A first-time argument
The courts limiting themselves to looking at constitutional breaches only – and the lack of success in previous cases – such as Bérenger’s in 1999 – is why both Boolell and Mohamed couched their own cases as constitutional ones; and not merely ones against the speaker’s decision to suspend them. In Boolell’s case, this has already saved it from another argument from Phokeer’s lawyers: since Boolell had already resumed his seat in parliament on November 19, 2021, there was no more case to contest. However, in a decision on May 10, 2022, the court refused that argument adding that Boolell’s case “is not one seeking an order that the decision of the defendants to ‘order him out’, name him and suspend him from sitting in the National Assembly be quashed… he is in fact seeking constitutional redress for alleged breached of his constitutional rights by invoking the constitutional jurisdiction of the Supreme Court as guardian of the Constitution”. At the moment, the Supreme Court is looking into whether Phokeer’s suspending Boolell breached sections 3, 12 and 16 of the Constitution.

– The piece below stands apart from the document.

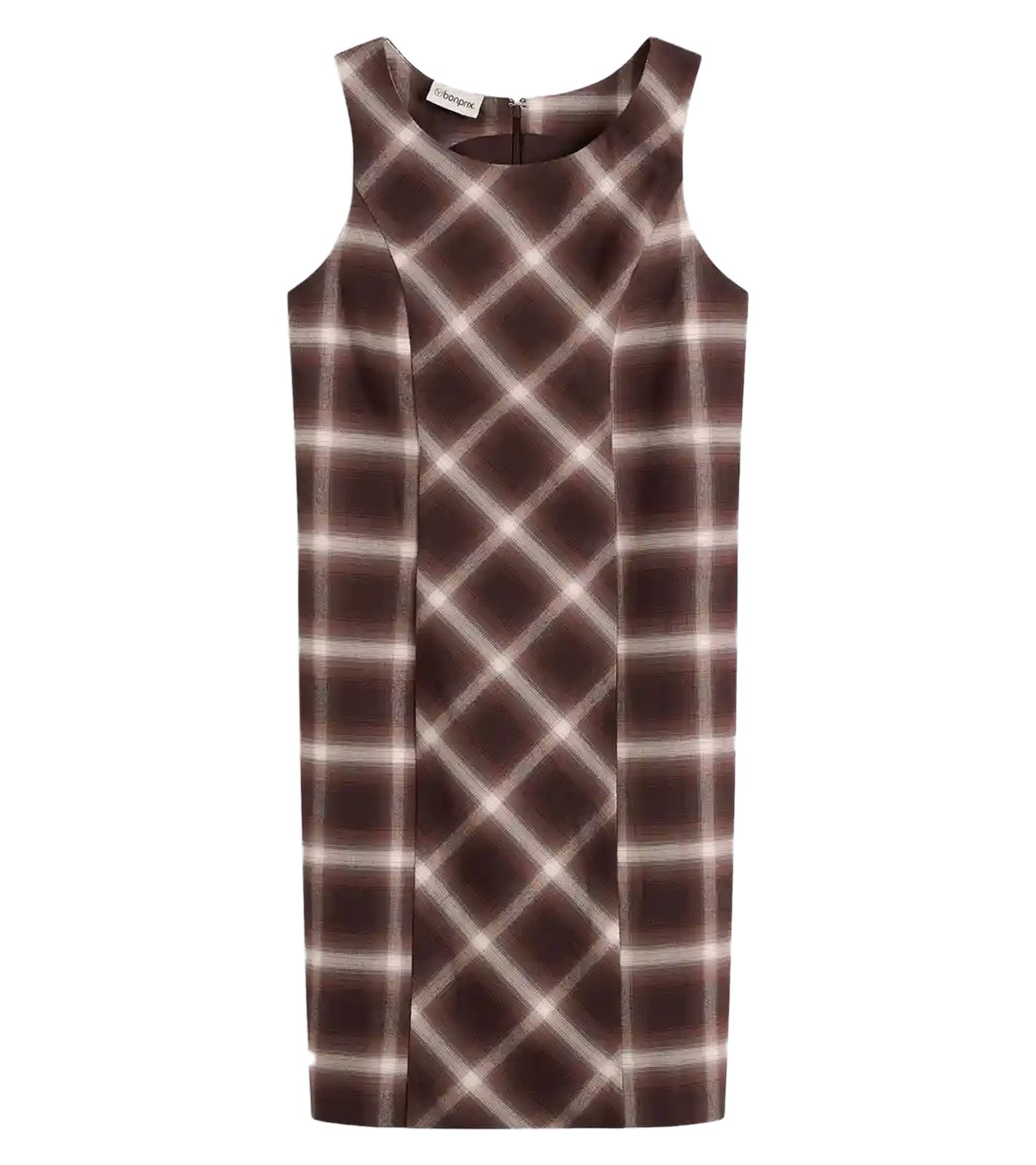Elegante abito da donna a quadri, abito da sera, mini abito, senza maniche, 938009 Marrone/Bianco

Coming to Mohamed’s case, the argument that it was not Phokeer but the National Assembly that suspended him is quite a novel argument in Mauritian judicial history. In past cases where MPs have contested suspensions handed down by speakers, such cases have always been entered against speakers (as was Bérenger’s case the 1999 for example). “In all those cases the Supreme Court could have raised that issue but did not,” argued Unnuth. And Narsinghen concurs: “this is a new sort of argument and never raised before in cases like this”. According to Standing Order 49 of the National Assembly – which outlines the rules and procedure of parliament – it is the speaker that triggers a suspension by ‘naming’ an MP: “naming is done by the speaker and once named, the motion then passes onto the executive,” explains Narsinghen, “from there it is the prime minister that presents a motion for suspension and determines the length of a suspension.” The point, Mohamed adds, “is that the National Assembly does not come up with a motion by itself, the ‘naming’ that starts it all is done by the speaker”. The point of all this, says Unnuth, “is to get the Supreme Court to tell us once and for all what exactly is the role of the speaker in all this, is he just a rubberstamp for the government? We want the highest local court to give its opinion on this”.
By raising this distinction between the speaker and the National Assembly when it comes to suspensions, in the case of Mohamed, the court is being asked for the first time to answer the question: “who is responsible for suspending MPs? Is it the majority that votes for the motion to suspend an MP?” asks Meetarbhan – an implication that carries uncomfortable overtones of majoritarianism within parliament and the role of the speaker in combating, or abetting, it – “or is it the speaker himself who triggers the vote. Who should be held responsible for that?”